Monday, June 20, 2011

"You can't fire me because I quit"

In September, I'm going to stop buying monthly comic books from Marvel and DC. Yes, this decision was in part influenced by the DC relaunch. But there's more to it than that.

This is not a boycott

First, I want to make it clear that this is not a boycott. I'm not doing this out of spite or to punish DC or the direct market as a whole. I'm not angry or hurt or depressed about the recent announcements. I'm pretty sure that in September some of DC's new books will be good and some will be terrible. The majority of them will probably just be kind of mediocre. This is the way it has been since I started reading monthly comics (not that long ago) and I see no indication that it's about to change.

The one thing that is abundantly clear about the DC relaunch is that it's not all that it's cracked up to be. Underneath the superficial change (new costumes, younger characters, shuffled creative teams), it's going to be pretty much business as usual. There hasn't been a fundamental shift in the way DC approaches characters or stories. There's a lot of talk about attracting new readers, but I don't buy it. Putting Barbara Gordon in the Batgirl uniform, unmarrying Lois and Clark, putting a #1 on Action Comics, or trying to recreate the style and fashion sense of 1990s Image comics - nobody at DC (unless they are fucking idiots) can possibly believe that these things are going to attract new readers. Oh, sales might go up slightly, but it's going to be a blip on the radar as people who are already part of the Wednesday crowd decide to check things out, then quickly lose interest.

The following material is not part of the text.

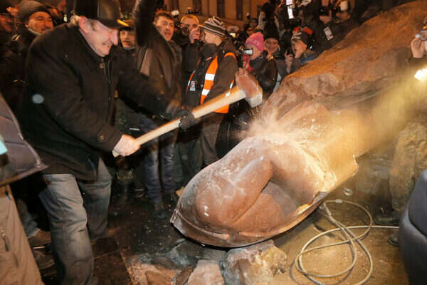 מפגינים מנתצים פסל של לנין באוקראינה | צילום: אי.פי

I think the problem with the way mainstream comics are conceived, produced and marketed is that DC and Marvel only ever seem to think about short-term sales boost. Everything they do, all their PR, all their event comics, all their big announcements, it's all designed to generate interest in what they are doing now, but there isn't really a sense that any thought going into building a long-term plan for that audience. And it also seems to rely on fans having a very short memory, because they keep using the same tricks over and over again and expect people to keep falling for them. But since the audience is shrinking rather than growing, one has to come to the conclusion that it's not working. People do, in fact, get tired of the same shit, and they move on to something else.

Existential crisis

This DC relaunch gave me a perfect opportunity for me to rethink my relationship with monthly comics. As a reader and as a consumer. And I came to the disturbing conclusion that I wasn't getting a lot of value for my money.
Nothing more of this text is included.